The Turlock Irrigation District gave final approval this week to selling Tuolumne River water to a proposed treatment plant.

The 5-0 vote by the district board came two weeks after it approved the idea of providing the supply for Turlock, Ceres and south Modesto. City representatives approved the agreement, but with a slight change that required a second TID vote.

The plant, expected to cost the cities $150 million to $200 million, would reduce their reliance on wells. A similar plant operated by the Modesto Irrigation District has provided this benefit to the rest of Modesto since 1995.

The cities have not decided to build the plant, which likely would require major rate increases for their water customers.
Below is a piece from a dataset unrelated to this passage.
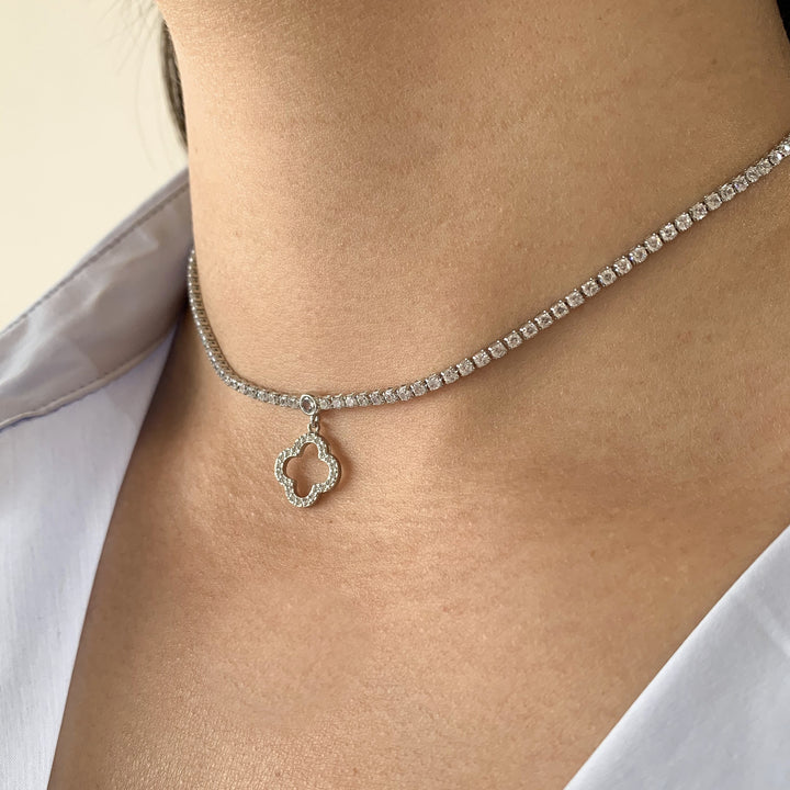 Un clásico reinventado 🍀 Esta gargantilla tipo tennis con un charm de trébol brillante en el centro mezcla elegancia con ese toque de buena suerte que siempre queremos llevar cerca 💖

Construction could be done as soon as 2020, according to the Stanislaus Regional Water Authority, which the cities formed to pursue the project.

TID agreed to sell up to 30,000 acre-feet from the Tuolumne each year. Its farmers have topped 500,000 acre-feet in years with ample rain and snow, but drought has slashed that by almost two-thirds.

The cities would pay TID at the highest rate tier for farmers, currently $20 per acre-foot. They would face the same dry-year cutbacks as the irrigators.

To make up for some of its reduced river supply, the district would get 2,000 acre-feet a year of water recycled at Turlock’s sewage treatment plant. In years with less-than-normal precipitation, TID also could get recycled water or nonpotable well water from the authority, with a cap of 15,000 acre-feet.